The didactic production system is a beginning at emulating LaTeX with an XML document type. In fact, LaTeX can be modeled more precisely with SGML than with XML.
The didactic production system consists of
from the SGML document type (GELLMU Syntactic Translator output) to the XML document type.
from the XML document type to HTML. For this there are two routes:
The up to date XML form of HTML extended by MathML.
Classical HTML with pseudo-TeX ASCII for math, still useful with terminal window browsers.
from the XML document type to LaTeX
There is validation of each stage of output. Indeed, validation of the GELLMU Syntactic Translator's SGML output is very useful for catching author errors. To assist with this there is line number alignment between the source and GELLMU Syntactic Translator output. If necessary1 one may intervene at any stage of the processing since the output of each stage is quite readable by humans.
The two document types are parallel; the XML version is intended to be the nearest XML approximation of the SGML version. The SGML version should be regarded as “in-house”, while the XML version is suitable for export. (Usable, though not identical, source may be recovered from the XML document type.)
The document types have been designed for translation to many output formats. I have the intention ultimately to write or find others to write translators from the XML document type to other formats.
Finally the article document type may have value as a layout vehicle that is useful as an intermediate formatting stage for structure-rich document types such as DocBook and TEI, and I would encourage those who might be so inclined to think about writing translators from such document types to GELLMU article.
All that one should need to get started is in the current tarball. One should look at the user guide, the manual, both listed as “Quick Anchors” above, and the examples. Note that the driver scripts found in the bin directory of the unpacked tarball may need editing for location names.
Note also that the tarball may be installed in a “Windows” system equipped with Cygwin, enhanced by a sufficient array of Cygwin-provided packages, using the Linux driver scripts.
In principle, it should also work on MacOS X, but I have no reports, and I have no idea what might be required to port it to earlier versions of MacOS.

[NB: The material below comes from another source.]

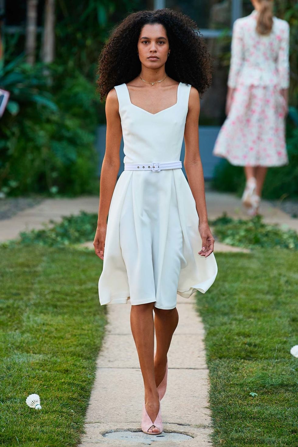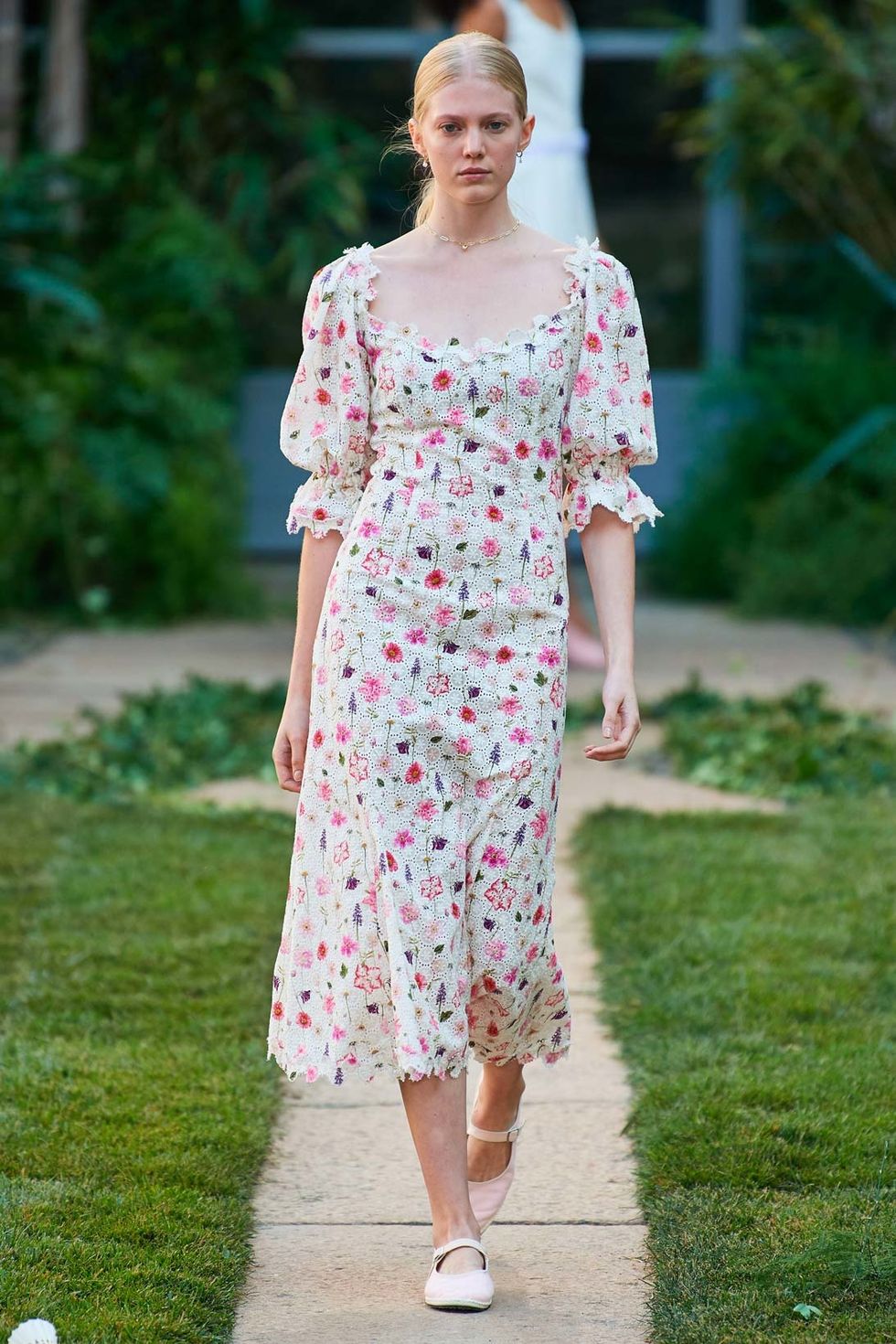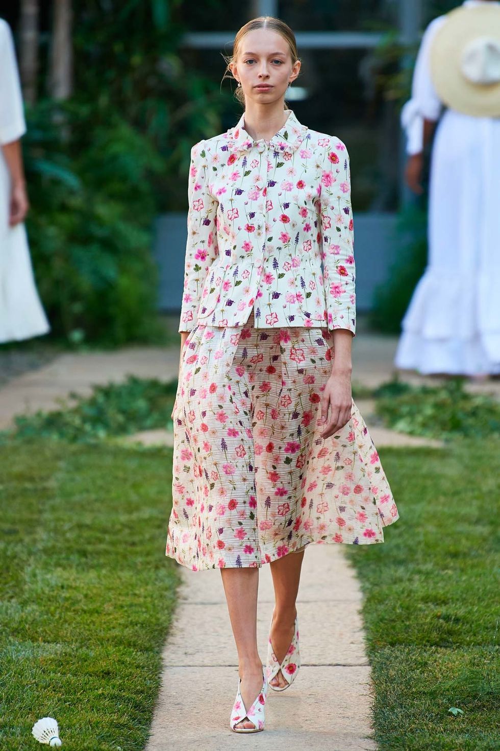Si rincorrono sul prato morbidi pantaloni indossati sotto maglie o bluse con maniche a tre quarti e tasche applicate, leggeri grembiuli sangallo a gonna asimmetrica. I fiori del giardino diventano stampa-erbario su abiti che lasciano la schiena scoperta oppure motivo intricato per lunghi e impalpabili chemisier di pizzo, o ancora preziosi dettagli su abiti d'organza con maniche dai grandi volumi. Come in un family match, essenziali look total white appena svasati si intervallano a pentagrammi di fil coupé bianchi sui quali si scrivono piccoli nastri azzurri. Tra i tessuti cotone, lino, organza, fil coupé, pizzo, sangallo in mille sfumature di bianco, panna, crema, écru, rosa, gradazioni di carta da zucchero, azzurro, denim, fiordaliso e blu.

Although the project was begun begun in June 1998, its alpha release was in July, 2001. It will not be considered to have reached beta stage until I have more knowledge about use experience of others.
Some older odds and ends may be found on the GELLMU veterans page, and the very old page for early preview of materials is still available.

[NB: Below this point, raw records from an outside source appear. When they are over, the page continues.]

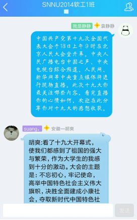 首先,大家就《习近平的七年知青岁月》系列内容发表了心得感悟,深入理解并践行着榜样精神。随后同学们关于#青春喜迎十九大 不忘初心跟党走#这一话题展开了热烈讨论。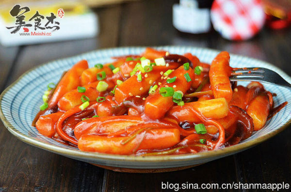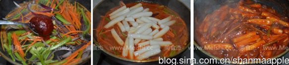 8.煮開以后放入年糕,讓年糕均勻地裹上辣椒醬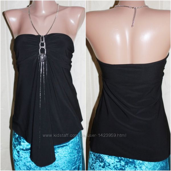 Блузка топ чёрный с колье из камней, river island, оригинал англия10р Цена 100 грн ЗАМЕРЫ: ПОГруди 39+чашечки под грудь, Дл.Изд-я с бретельками 39/52 см ткань очень тянется!

My annotations allude, though not entirely precisely, to the article The Cathedral and the Bazaar by Eric Raymond.
In recent editions of TUG's TeXLive a convenient default interface for using TeX4ht to make classical HTML from LaTeX is the command htlatex, while the interface for making HTML with MathML is the command mzlatex. Aside from the standard TeX4ht docs, those interested in this approach might want to consult http://facweb.knowlton.ohio-state.edu/pviton/support/swphtpa4.html.
Sadly, Eitan Gurari, the author of TeX4ht, died in 2009.
It's useful for converting XML documents to TeX, LaTeX, or Context, but it's not useful for translating TeX documents to XML document types. One writes an XSL style sheet to translate an XML document type into TeXML. Another program then translates TeXML to TeX.
LaTeXML is the converter that was used in the project called arXMLiv for converting LaTeX documents at The arXiv to XML.
A 1998 variant at The Geometry Center offers the option of replacing the graphic objects with MathML objects.
This document, which is primarily a web page, is itself a regular GELLMU document (see §4.3). Versions of this document other than the HTML version include the original GELLMU source, its translation to XML (from which the HTML version is derived), the derived translation to XHTML+MathML, and the derived LaTeX source from which a device independent (DVI) file and a file in Adobe's portable document format (PDF) were compiled. The PDF copy, which was generated using the free program pdflatex, is tuned for printing on 8.5 x 11 inch paper by those who have yet to equip themselves (freely) for printing DVI.